Again, it may in the future.
[quote]Varqanir wrote:
[quote]DoubleDuce wrote:
It is pretty clear that the right to life is enshrined in our foundation, though it is true that the constitution left out explicit instructions on some things considered overly self evident. The DOI which is the founding document for the constitution makes inherent self ownership clear.[/quote]
You would have to do some pretty fast talking to convince me that when he penned the first sentence of the Declaration, Jefferson intended to include unborn fetuses (or for that matter, women and slaves) into the category of “all men” who were endowed unalienable rights.
As for the Constitution, the only place where personhood is even remotely defined is the fourteenth amendment. Let me know what the third word of that amendment is.
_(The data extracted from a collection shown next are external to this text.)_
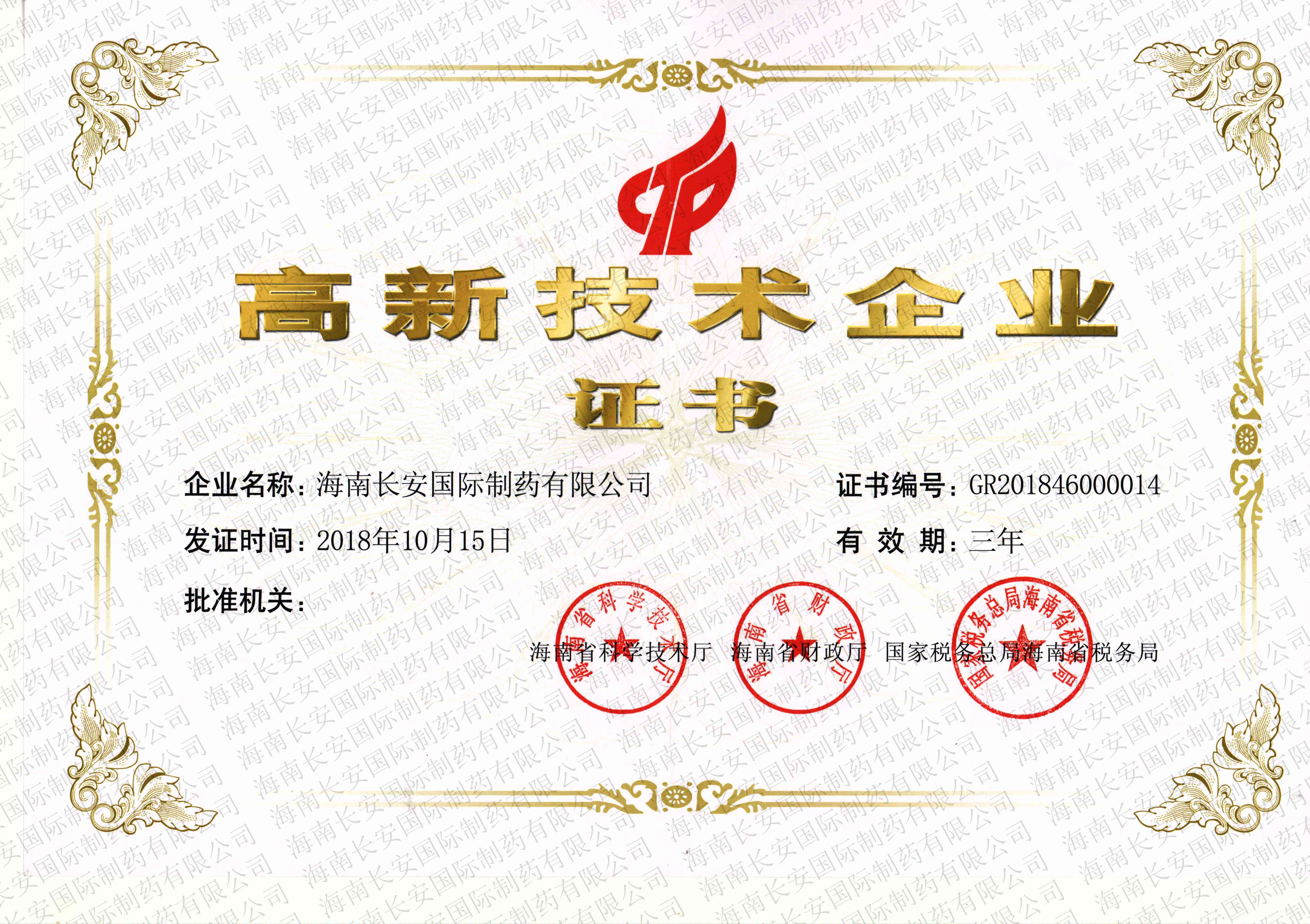 高新技術企業證書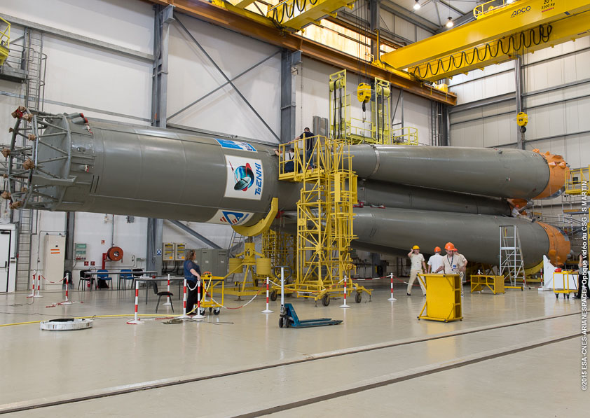 ![]() A Soyuz rocket is prepared for launch March 27 from French Guiana. Credit: ESA/CNES/Arianespace |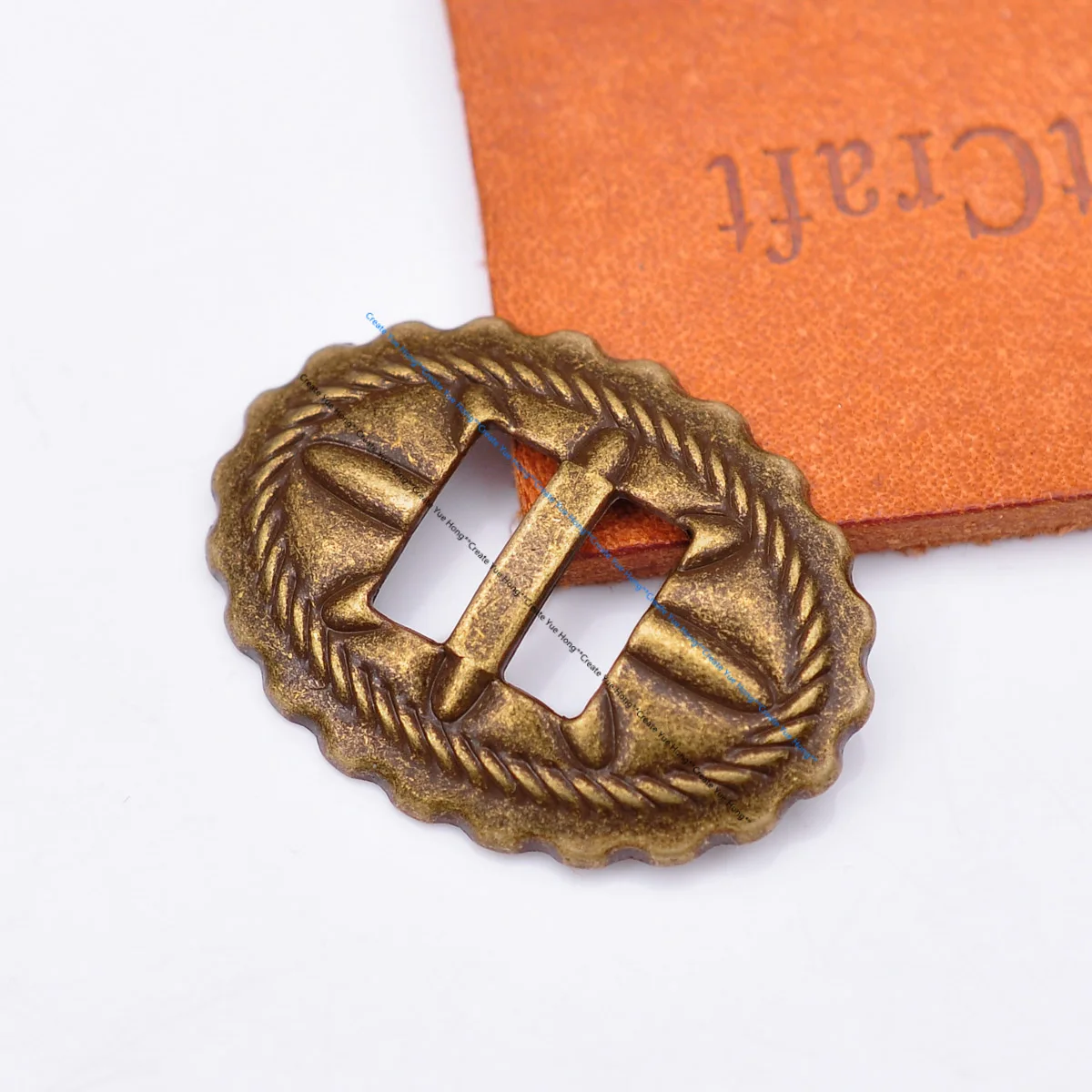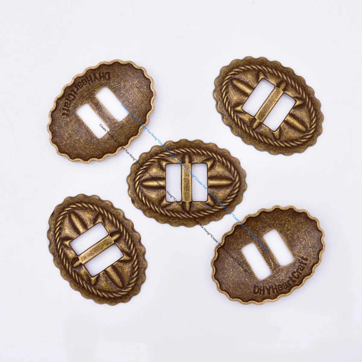 Качественный винтажный латунный пояс для узелков в Западном и западном стиле, для узелков, кожевенного ремесла, Овальный с прорезями, 32*24 мм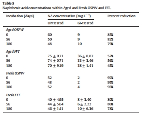 數(shù)據(jù):輻照處理后,新鮮和陳化工藝水及尾礦中的環(huán)烷酸濃度立即顯著下降(新鮮工藝水降低97%,陳化工藝水降低85%)。長(zhǎng)期培養(yǎng)并未導(dǎo)致濃度進(jìn)一步顯著下降。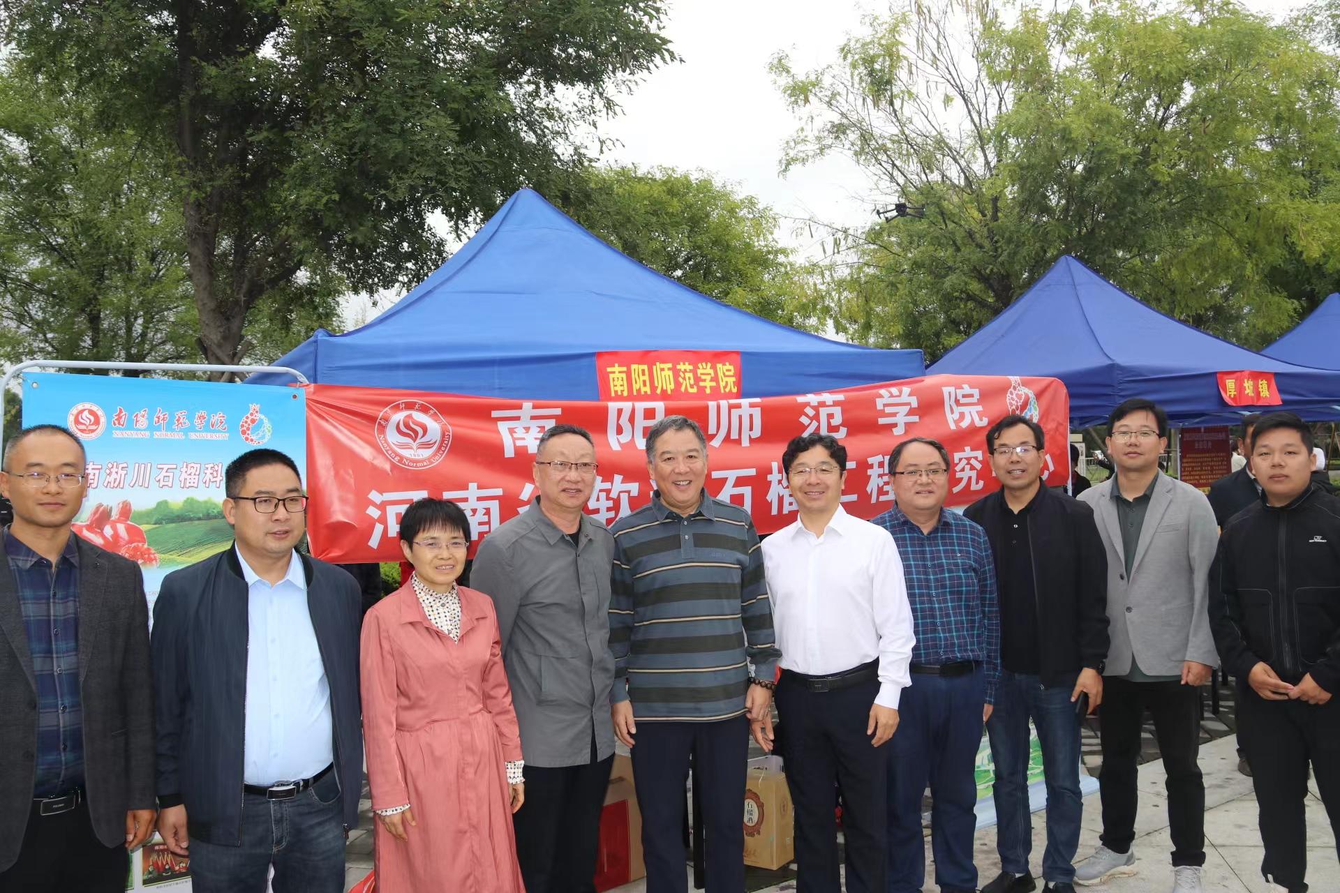本网讯(通讯员 王荣欣 图/文)9月25-27日,中国(南阳)石榴产业技术发展大会暨淅川县(九重镇)第二届石榴节在淅川县九重镇举行。新葡萄官网副校长周旗,科技处、水资源与环境工程学院“南水北调中线水源区流域生态安全高等学校学科创新引智基地”(111基地)有关负责同志参加。本次活动的主题是“迎国庆,庆丰收,打响石榴品牌,助力乡村振兴”。启动仪式由淅川县委副书记丁心强主持。

The Supreme Court were unconvinced that abortion was a violation of an unborn fetus’s Constitutional under the fourteenth amendment, but decided that banning it would be a violation of the mother’s rights under the ninth. That position has not changed.
Again, it may in the future. [/quote]
You do not think that Jefferson thought the unjust killing of a slave or woman was murder?
[quote]pat wrote:
I am sorry about your miscarriage.[/quote]
Thanks, Pat. So were we.
The bright side is, after we lost that baby we tried again, and had a beautiful baby girl.
I like to console myself with the thought that had we not lost that baby, my daughter would not have been conceived, so it all worked out in the end.